**Exercise**
Below are several entries. Transcribe exactly those lines that fall from the one with "인덱스가 동일해진다는 것이죠." through the one with "This is an authentic", end lines included.

**Provided records**
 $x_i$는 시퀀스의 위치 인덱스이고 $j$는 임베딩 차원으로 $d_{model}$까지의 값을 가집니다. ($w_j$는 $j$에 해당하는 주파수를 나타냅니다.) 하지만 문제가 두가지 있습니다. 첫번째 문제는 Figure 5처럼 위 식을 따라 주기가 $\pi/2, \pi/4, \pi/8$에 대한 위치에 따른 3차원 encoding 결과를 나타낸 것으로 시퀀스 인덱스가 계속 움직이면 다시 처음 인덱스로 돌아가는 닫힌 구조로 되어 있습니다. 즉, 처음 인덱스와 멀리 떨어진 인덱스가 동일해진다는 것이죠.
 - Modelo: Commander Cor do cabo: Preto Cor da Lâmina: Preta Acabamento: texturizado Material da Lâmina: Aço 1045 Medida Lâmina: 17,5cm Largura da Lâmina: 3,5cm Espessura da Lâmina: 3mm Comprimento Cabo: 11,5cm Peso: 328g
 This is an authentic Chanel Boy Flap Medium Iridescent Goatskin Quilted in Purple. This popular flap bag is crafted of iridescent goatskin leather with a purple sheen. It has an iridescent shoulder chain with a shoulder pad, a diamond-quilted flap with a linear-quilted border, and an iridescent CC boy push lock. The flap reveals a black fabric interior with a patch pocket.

---

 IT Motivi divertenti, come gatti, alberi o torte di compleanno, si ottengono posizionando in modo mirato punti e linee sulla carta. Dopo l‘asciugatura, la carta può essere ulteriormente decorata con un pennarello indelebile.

--

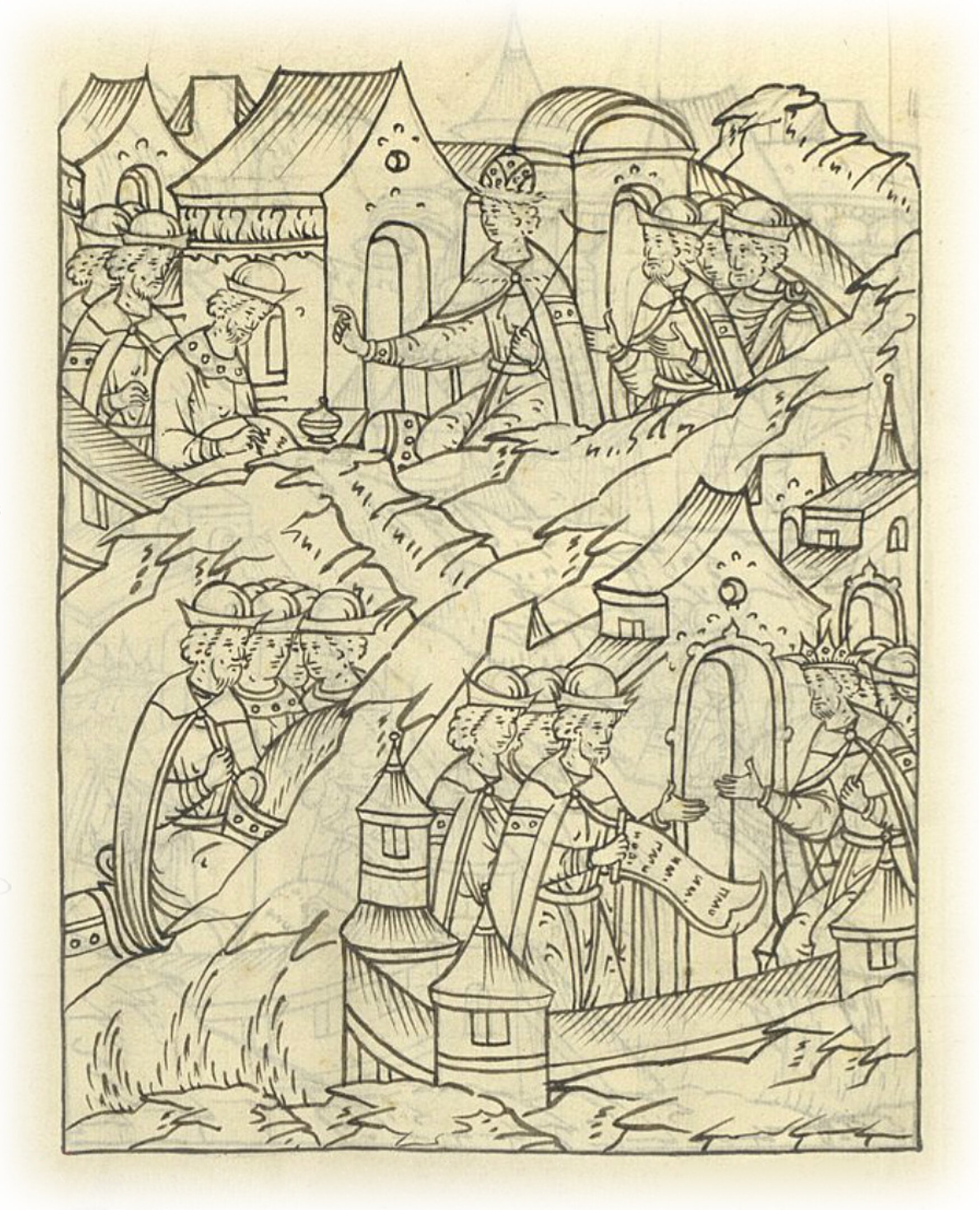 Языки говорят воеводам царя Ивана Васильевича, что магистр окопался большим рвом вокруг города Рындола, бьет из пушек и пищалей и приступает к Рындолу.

**Written answer**
 $x_i$는 시퀀스의 위치 인덱스이고 $j$는 임베딩 차원으로 $d_{model}$까지의 값을 가집니다. ($w_j$는 $j$에 해당하는 주파수를 나타냅니다.) 하지만 문제가 두가지 있습니다. 첫번째 문제는 Figure 5처럼 위 식을 따라 주기가 $\pi/2, \pi/4, \pi/8$에 대한 위치에 따른 3차원 encoding 결과를 나타낸 것으로 시퀀스 인덱스가 계속 움직이면 다시 처음 인덱스로 돌아가는 닫힌 구조로 되어 있습니다. 즉, 처음 인덱스와 멀리 떨어진 인덱스가 동일해진다는 것이죠.
 - Modelo: Commander Cor do cabo: Preto Cor da Lâmina: Preta Acabamento: texturizado Material da Lâmina: Aço 1045 Medida Lâmina: 17,5cm Largura da Lâmina: 3,5cm Espessura da Lâmina: 3mm Comprimento Cabo: 11,5cm Peso: 328g
 This is an authentic Chanel Boy Flap Medium Iridescent Goatskin Quilted in Purple. This popular flap bag is crafted of iridescent goatskin leather with a purple sheen. It has an iridescent shoulder chain with a shoulder pad, a diamond-quilted flap with a linear-quilted border, and an iridescent CC boy push lock. The flap reveals a black fabric interior with a patch pocket.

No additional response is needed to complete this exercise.